Data records below:
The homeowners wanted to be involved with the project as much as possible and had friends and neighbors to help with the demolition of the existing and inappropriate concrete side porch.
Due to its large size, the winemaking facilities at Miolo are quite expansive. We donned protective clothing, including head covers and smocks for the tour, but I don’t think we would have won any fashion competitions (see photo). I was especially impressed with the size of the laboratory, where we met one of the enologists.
End of Data records.
Data records below:
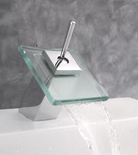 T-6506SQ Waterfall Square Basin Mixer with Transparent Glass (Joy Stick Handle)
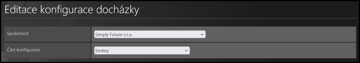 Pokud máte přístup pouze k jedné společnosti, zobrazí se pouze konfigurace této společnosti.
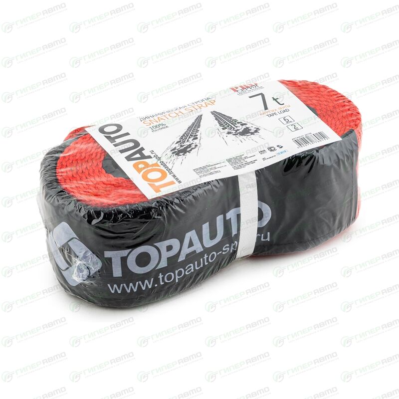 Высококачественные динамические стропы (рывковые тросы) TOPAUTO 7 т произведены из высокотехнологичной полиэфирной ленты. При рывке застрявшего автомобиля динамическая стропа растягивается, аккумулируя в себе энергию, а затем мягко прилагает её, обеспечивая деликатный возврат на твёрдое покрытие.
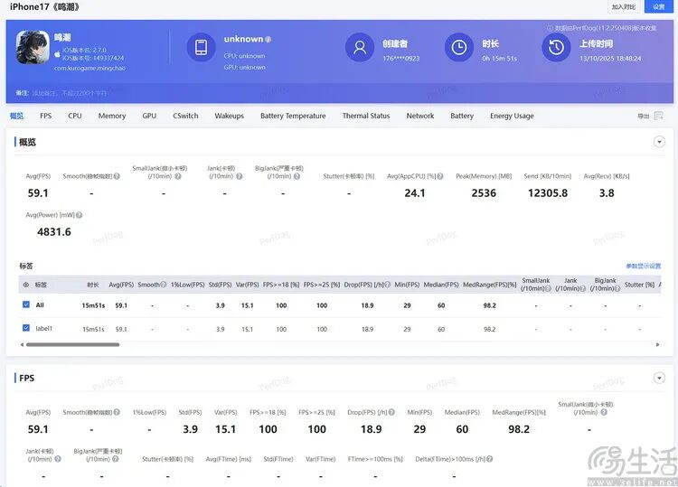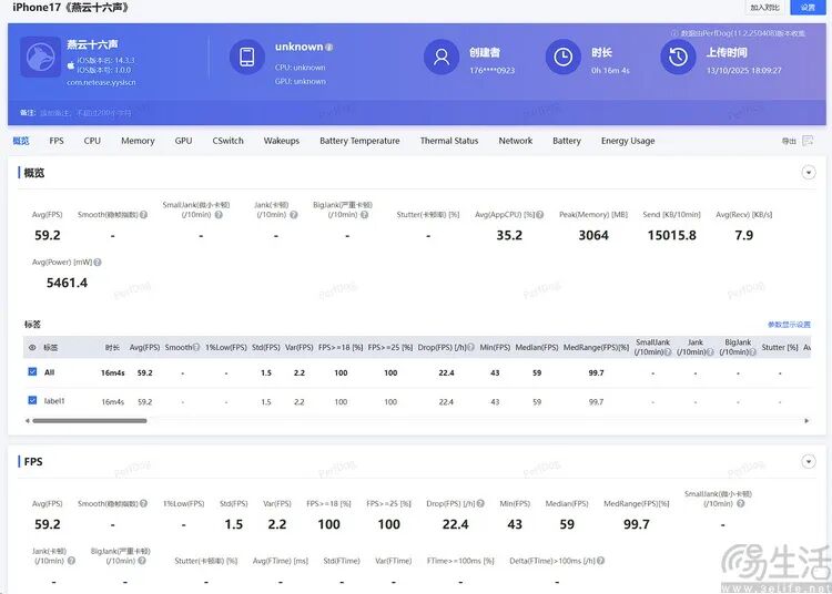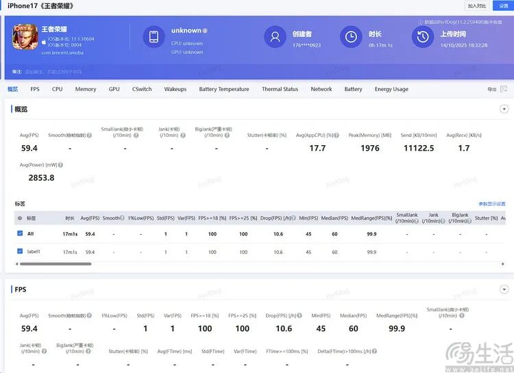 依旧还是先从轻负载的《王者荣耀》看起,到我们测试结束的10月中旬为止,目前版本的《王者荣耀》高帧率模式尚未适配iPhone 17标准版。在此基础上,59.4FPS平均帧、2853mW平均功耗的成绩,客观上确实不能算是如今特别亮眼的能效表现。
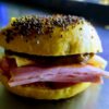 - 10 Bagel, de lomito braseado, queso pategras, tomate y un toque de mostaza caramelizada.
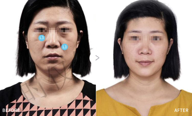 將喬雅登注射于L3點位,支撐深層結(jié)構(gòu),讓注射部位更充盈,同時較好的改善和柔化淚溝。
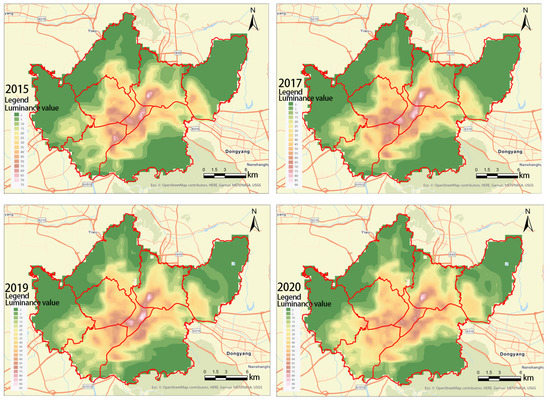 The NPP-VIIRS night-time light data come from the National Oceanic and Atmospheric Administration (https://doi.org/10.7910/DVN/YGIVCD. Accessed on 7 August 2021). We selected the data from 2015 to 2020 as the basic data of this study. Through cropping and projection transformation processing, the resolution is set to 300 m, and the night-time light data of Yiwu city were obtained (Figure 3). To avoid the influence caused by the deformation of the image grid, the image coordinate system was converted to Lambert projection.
End of Data records.
Data records below:
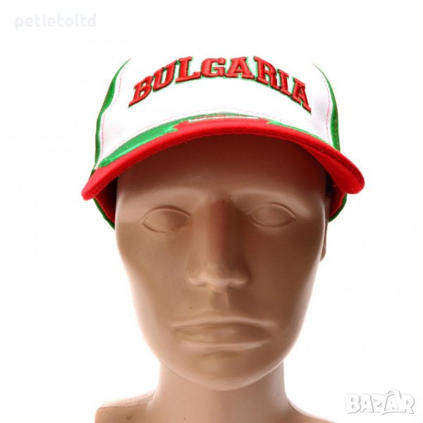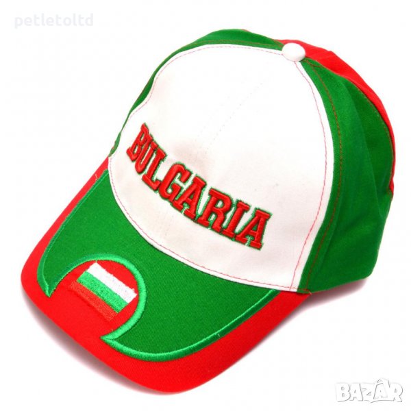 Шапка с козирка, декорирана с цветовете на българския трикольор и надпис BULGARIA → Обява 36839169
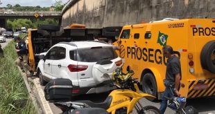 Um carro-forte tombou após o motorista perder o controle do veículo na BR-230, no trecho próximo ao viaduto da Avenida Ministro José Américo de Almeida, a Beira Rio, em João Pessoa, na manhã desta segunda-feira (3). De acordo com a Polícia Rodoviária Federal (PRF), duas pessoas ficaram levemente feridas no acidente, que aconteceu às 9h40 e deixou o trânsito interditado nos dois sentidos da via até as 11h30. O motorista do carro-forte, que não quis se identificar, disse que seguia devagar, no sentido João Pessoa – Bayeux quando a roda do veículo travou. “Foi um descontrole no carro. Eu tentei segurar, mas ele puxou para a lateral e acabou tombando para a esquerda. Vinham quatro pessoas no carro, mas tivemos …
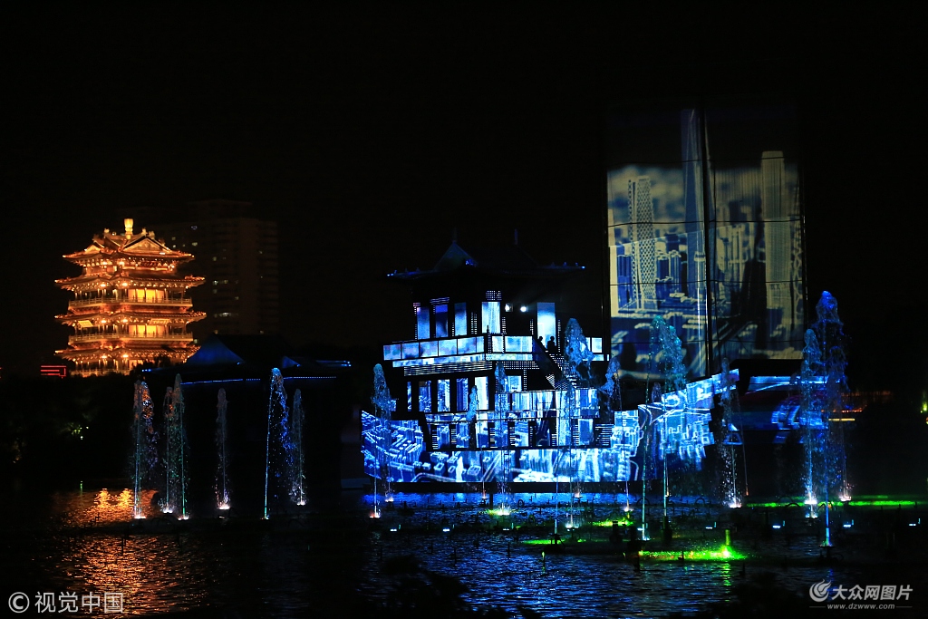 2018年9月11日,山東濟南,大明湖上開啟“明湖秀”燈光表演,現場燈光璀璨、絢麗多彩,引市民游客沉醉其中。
End of Data records.
Your instructions: Print, from the entries above, the line with "The homeowners wanted", the line with "Due to its large" and all lines between them, exactly and with nothing else.

Finished exercise:
The homeowners wanted to be involved with the project as much as possible and had friends and neighbors to help with the demolition of the existing and inappropriate concrete side porch.
Due to its large size, the winemaking facilities at Miolo are quite expansive. We donned protective clothing, including head covers and smocks for the tour, but I don’t think we would have won any fashion competitions (see photo). I was especially impressed with the size of the laboratory, where we met one of the enologists.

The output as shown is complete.